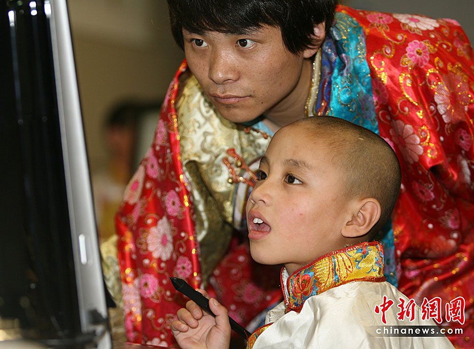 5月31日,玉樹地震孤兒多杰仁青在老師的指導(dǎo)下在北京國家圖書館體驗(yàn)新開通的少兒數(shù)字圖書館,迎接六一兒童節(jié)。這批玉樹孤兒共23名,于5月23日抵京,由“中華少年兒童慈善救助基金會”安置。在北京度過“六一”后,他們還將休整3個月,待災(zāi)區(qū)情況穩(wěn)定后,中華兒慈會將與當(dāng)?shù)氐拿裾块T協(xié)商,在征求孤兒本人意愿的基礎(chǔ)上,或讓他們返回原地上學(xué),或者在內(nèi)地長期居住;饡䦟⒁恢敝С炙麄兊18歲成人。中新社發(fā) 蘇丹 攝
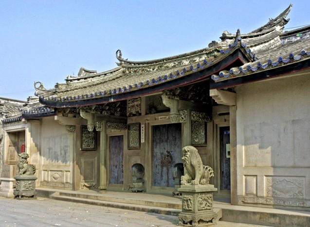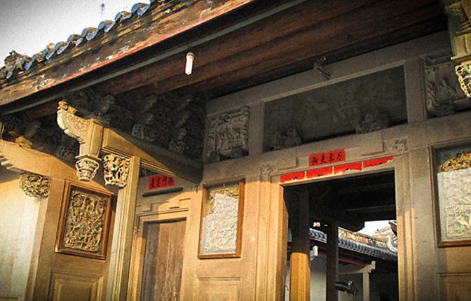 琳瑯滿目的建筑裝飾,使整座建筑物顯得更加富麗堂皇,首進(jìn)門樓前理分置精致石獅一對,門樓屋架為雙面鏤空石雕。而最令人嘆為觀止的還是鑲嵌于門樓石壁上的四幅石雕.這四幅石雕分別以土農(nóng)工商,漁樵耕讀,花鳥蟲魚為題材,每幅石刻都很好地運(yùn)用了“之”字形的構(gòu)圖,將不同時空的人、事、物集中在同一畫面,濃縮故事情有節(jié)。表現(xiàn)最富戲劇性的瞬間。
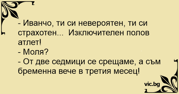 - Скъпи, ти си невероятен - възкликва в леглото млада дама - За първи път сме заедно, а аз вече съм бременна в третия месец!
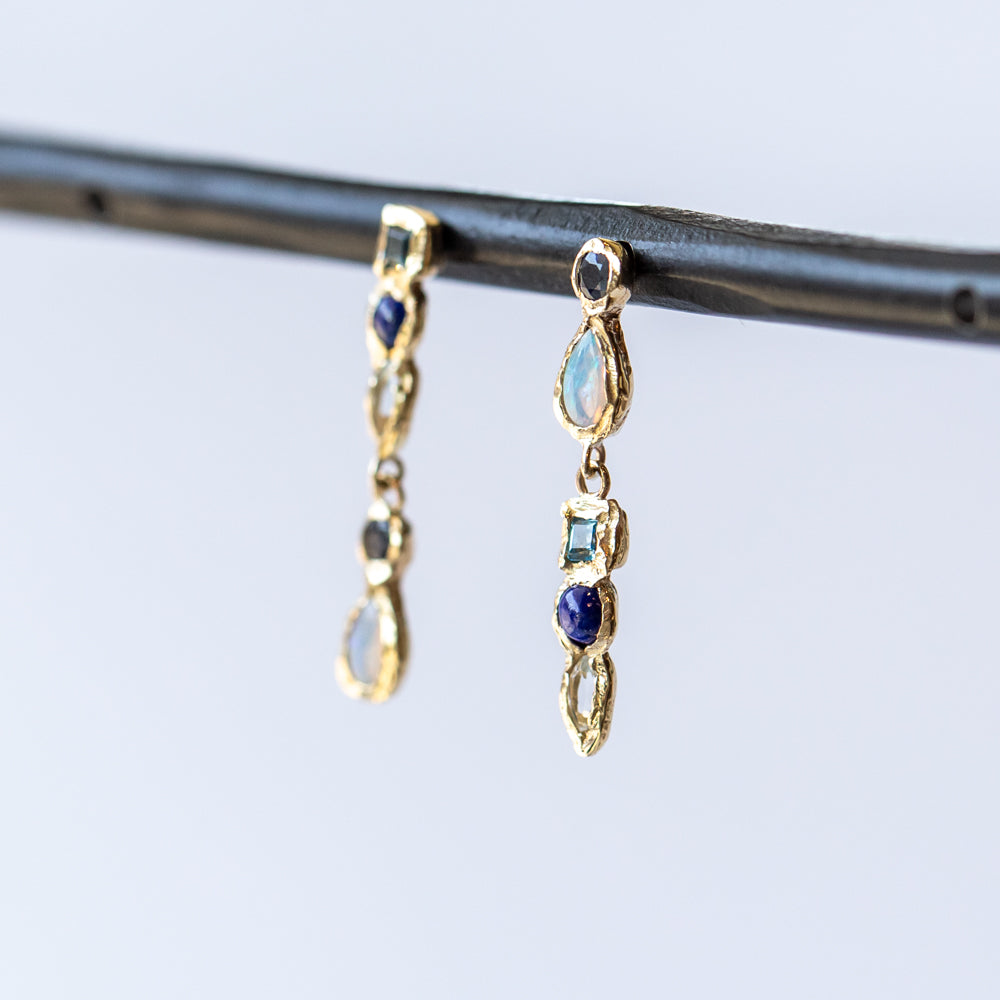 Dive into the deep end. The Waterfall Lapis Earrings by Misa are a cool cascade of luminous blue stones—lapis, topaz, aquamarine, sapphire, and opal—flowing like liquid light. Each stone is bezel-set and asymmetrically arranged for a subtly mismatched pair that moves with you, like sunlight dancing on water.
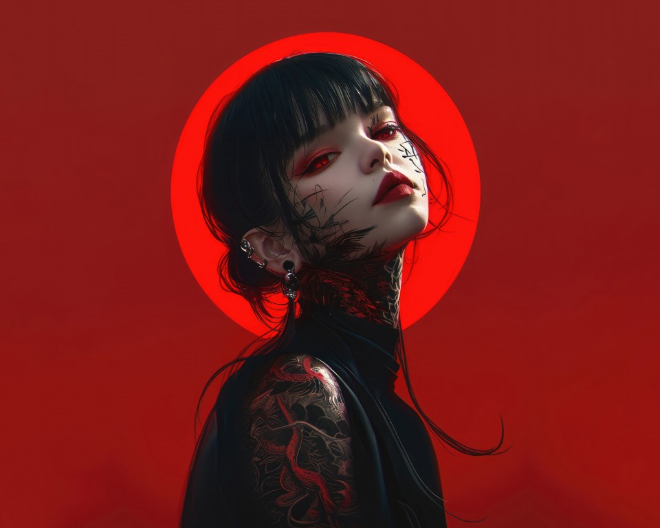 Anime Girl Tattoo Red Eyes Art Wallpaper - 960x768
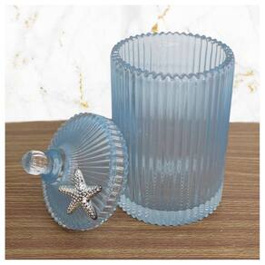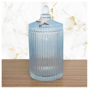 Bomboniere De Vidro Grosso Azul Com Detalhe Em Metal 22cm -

* * *

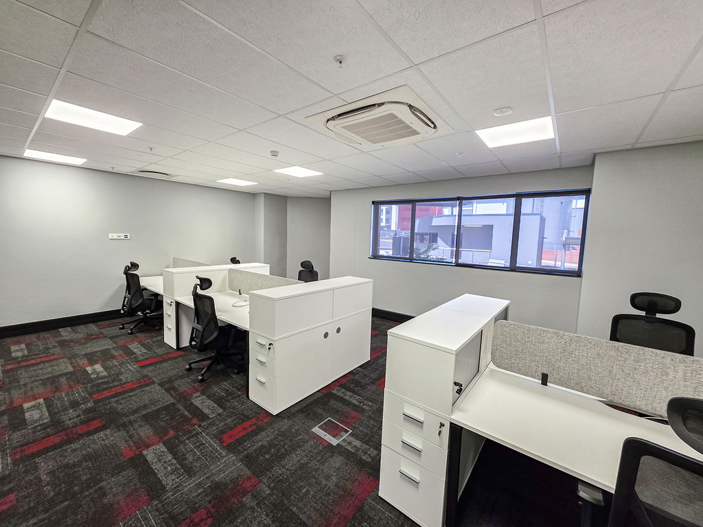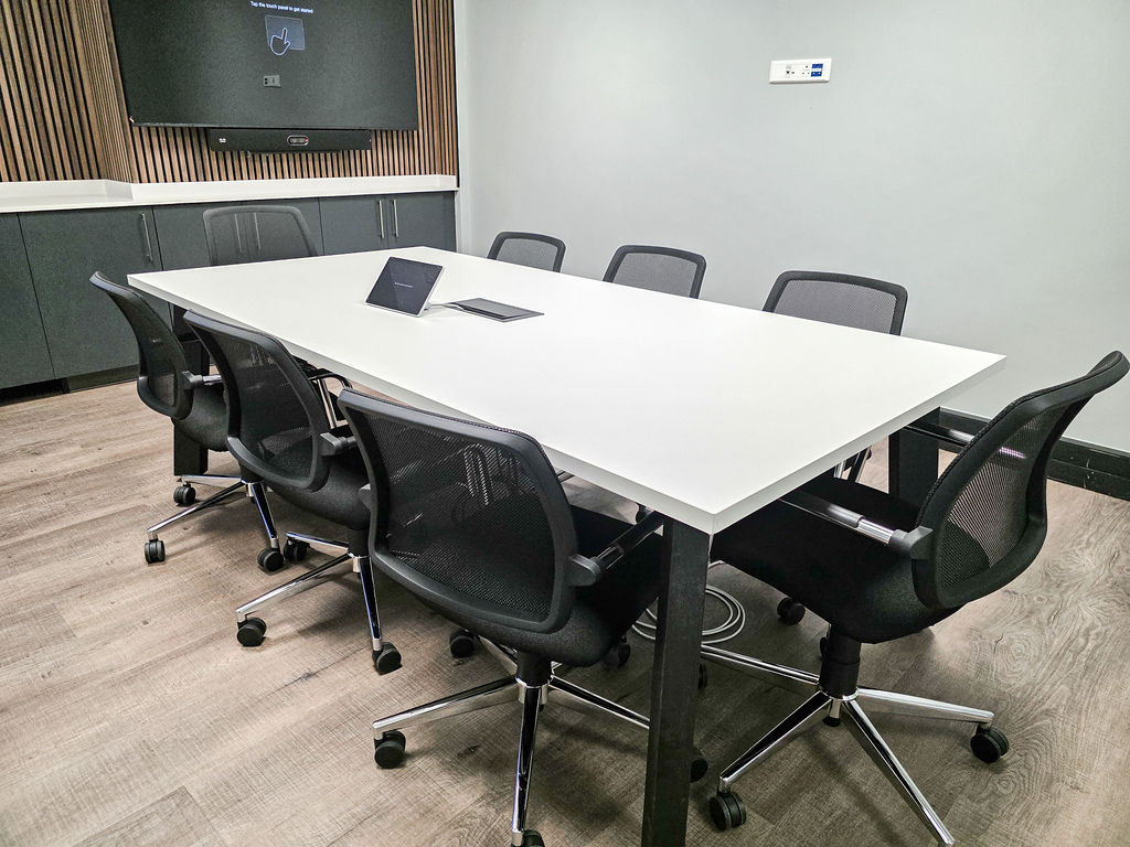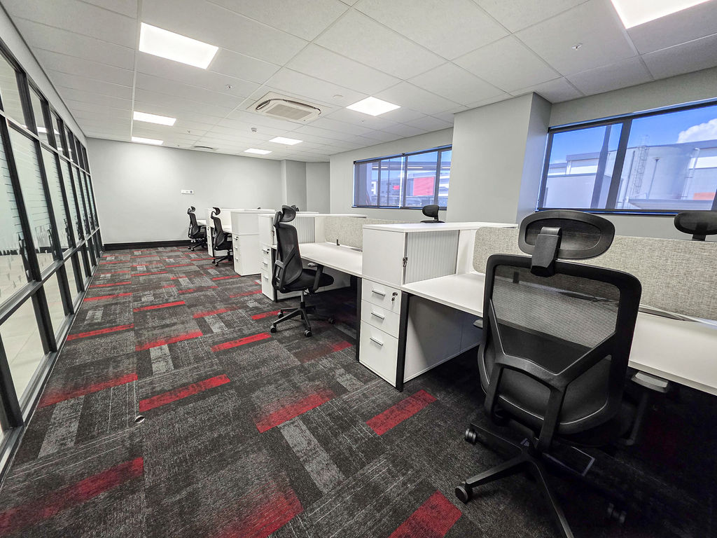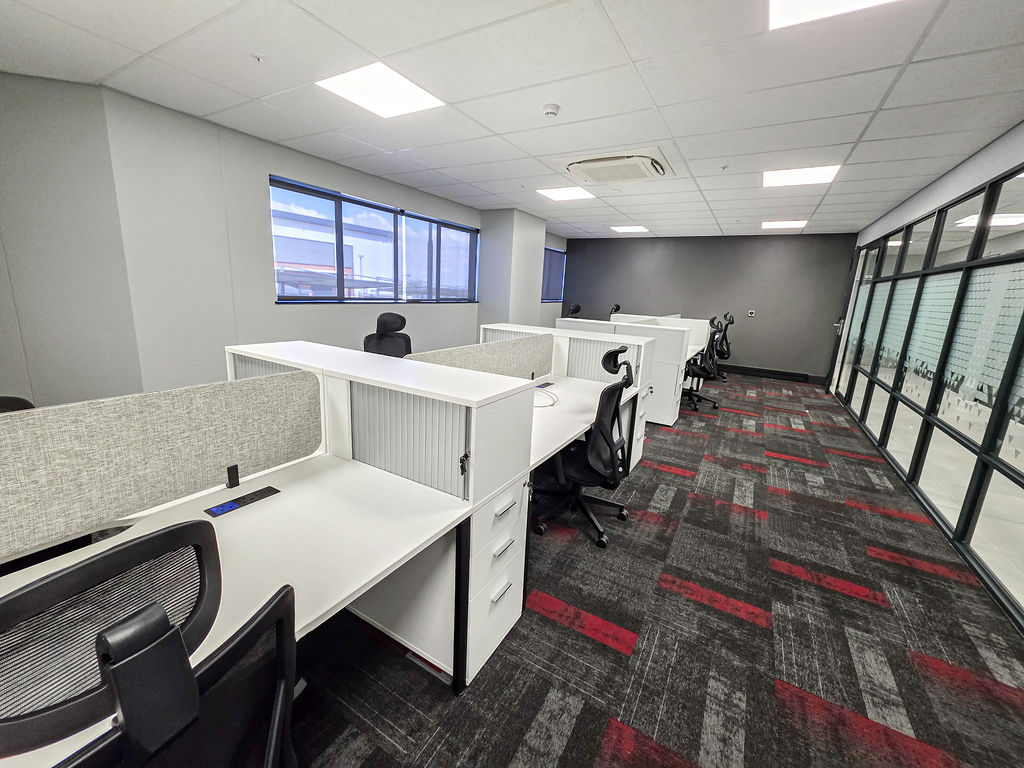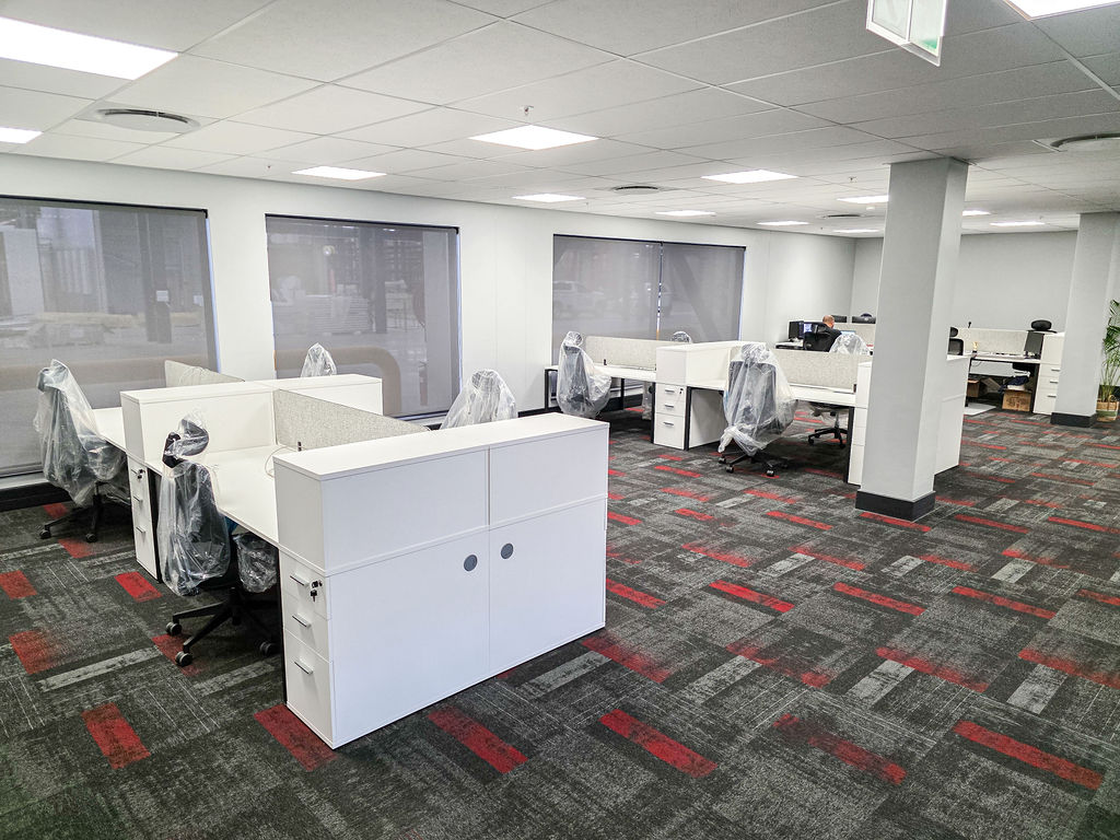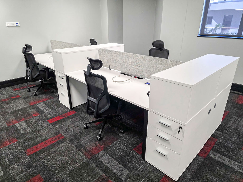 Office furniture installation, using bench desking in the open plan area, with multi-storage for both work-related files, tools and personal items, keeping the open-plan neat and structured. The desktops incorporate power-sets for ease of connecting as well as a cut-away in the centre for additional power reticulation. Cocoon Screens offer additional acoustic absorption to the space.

**What to produce**
Go back to the lines above and output, exactly as they stand, the ones from the line containing "Anime Girl Tattoo" to the line containing "Bomboniere De Vidro". Leave all pictures behind.

**Task solution**
 Anime Girl Tattoo Red Eyes Art Wallpaper - 960x768
 Bomboniere De Vidro Grosso Azul Com Detalhe Em Metal 22cm -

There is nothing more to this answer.